From the line with "social irresponsibility in" to the line with "s925纯银白色链条开口戒指女简约气质个性高级感港风食指戒冷淡风 开口戒", retype every line exactly, including those two, and leave out the rest of the data below.
-- PROVIDED DATA follows --
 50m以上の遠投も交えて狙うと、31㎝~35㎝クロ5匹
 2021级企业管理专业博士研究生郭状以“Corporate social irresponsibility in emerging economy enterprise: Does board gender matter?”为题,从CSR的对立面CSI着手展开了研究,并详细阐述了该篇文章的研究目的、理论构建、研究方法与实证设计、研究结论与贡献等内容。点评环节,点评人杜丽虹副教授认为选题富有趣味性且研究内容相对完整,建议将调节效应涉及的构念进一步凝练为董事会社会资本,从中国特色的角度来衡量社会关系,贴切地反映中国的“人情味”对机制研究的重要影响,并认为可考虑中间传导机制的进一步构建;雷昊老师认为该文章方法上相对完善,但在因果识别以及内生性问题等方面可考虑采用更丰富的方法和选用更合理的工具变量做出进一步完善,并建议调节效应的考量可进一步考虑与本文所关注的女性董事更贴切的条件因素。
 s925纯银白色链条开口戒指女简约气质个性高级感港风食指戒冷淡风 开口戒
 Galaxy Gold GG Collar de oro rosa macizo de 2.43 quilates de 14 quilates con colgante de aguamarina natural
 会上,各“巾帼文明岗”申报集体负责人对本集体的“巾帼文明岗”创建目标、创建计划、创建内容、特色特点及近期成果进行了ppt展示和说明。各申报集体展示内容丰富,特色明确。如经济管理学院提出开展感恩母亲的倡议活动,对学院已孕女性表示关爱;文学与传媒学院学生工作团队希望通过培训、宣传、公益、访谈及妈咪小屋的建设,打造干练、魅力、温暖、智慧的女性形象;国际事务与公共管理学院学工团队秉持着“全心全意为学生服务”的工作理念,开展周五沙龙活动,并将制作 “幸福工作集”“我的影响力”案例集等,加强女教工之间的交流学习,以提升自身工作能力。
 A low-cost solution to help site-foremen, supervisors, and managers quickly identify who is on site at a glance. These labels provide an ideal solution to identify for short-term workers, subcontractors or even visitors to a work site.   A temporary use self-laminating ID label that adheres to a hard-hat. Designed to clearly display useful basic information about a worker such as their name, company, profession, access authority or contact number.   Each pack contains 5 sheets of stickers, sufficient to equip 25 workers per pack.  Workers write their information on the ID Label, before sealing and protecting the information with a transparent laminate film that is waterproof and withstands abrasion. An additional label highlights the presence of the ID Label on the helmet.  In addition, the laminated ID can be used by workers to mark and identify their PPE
-- PROVIDED DATA concluded --
-- PROVIDED DATA follows --
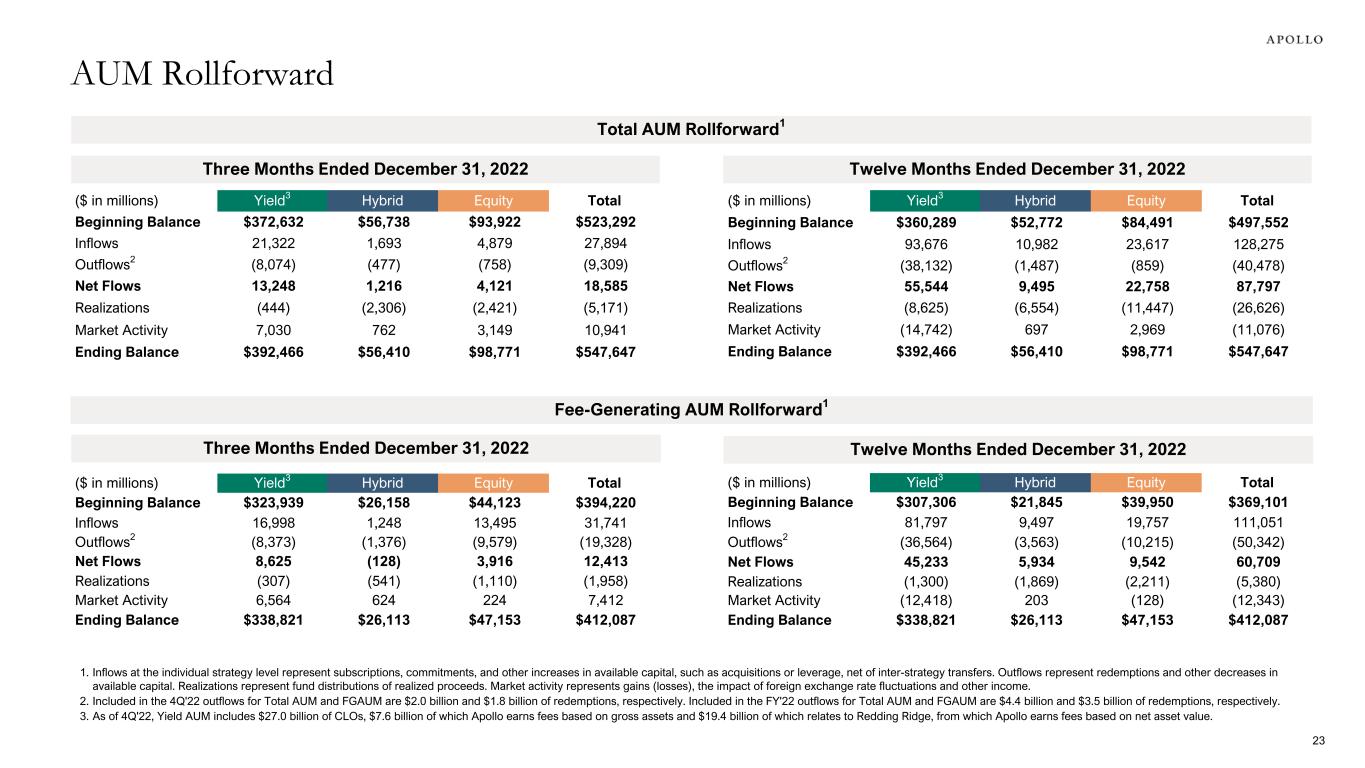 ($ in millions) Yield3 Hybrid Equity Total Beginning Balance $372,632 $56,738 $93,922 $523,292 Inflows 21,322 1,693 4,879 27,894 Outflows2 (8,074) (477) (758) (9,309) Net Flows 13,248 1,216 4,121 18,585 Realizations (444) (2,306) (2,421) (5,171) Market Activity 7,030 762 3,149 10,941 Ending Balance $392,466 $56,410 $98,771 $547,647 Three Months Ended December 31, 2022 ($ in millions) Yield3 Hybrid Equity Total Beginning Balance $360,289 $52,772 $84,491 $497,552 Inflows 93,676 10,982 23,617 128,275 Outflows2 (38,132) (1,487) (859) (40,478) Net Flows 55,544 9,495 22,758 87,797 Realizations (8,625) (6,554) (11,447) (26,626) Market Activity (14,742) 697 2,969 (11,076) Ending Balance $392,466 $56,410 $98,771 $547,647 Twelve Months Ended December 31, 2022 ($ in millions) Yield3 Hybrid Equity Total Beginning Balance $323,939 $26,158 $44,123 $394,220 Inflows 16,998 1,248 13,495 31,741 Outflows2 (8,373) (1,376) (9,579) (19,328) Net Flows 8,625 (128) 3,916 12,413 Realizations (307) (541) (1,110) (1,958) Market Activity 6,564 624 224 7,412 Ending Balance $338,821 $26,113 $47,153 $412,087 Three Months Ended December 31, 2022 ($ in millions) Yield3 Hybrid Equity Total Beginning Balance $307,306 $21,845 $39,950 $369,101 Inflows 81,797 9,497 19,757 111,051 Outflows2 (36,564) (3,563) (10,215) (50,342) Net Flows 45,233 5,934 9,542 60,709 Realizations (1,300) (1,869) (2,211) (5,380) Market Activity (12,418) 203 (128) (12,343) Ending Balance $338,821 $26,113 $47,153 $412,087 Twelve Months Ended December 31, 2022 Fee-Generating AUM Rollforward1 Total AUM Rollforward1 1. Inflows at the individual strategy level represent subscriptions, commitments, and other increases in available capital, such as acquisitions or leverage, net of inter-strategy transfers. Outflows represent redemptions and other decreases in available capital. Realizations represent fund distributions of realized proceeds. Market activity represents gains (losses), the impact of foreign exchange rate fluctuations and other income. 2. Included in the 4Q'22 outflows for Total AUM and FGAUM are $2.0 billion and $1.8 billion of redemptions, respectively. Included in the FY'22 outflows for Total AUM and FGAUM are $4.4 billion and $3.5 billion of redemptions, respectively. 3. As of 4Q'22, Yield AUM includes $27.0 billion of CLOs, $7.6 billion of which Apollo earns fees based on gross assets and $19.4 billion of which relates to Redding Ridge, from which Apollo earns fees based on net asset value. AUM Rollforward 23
-- PROVIDED DATA concluded --
▶ YOUR RESPONSE:
 2021级企业管理专业博士研究生郭状以“Corporate social irresponsibility in emerging economy enterprise: Does board gender matter?”为题,从CSR的对立面CSI着手展开了研究,并详细阐述了该篇文章的研究目的、理论构建、研究方法与实证设计、研究结论与贡献等内容。点评环节,点评人杜丽虹副教授认为选题富有趣味性且研究内容相对完整,建议将调节效应涉及的构念进一步凝练为董事会社会资本,从中国特色的角度来衡量社会关系,贴切地反映中国的“人情味”对机制研究的重要影响,并认为可考虑中间传导机制的进一步构建;雷昊老师认为该文章方法上相对完善,但在因果识别以及内生性问题等方面可考虑采用更丰富的方法和选用更合理的工具变量做出进一步完善,并建议调节效应的考量可进一步考虑与本文所关注的女性董事更贴切的条件因素。
 s925纯银白色链条开口戒指女简约气质个性高级感港风食指戒冷淡风 开口戒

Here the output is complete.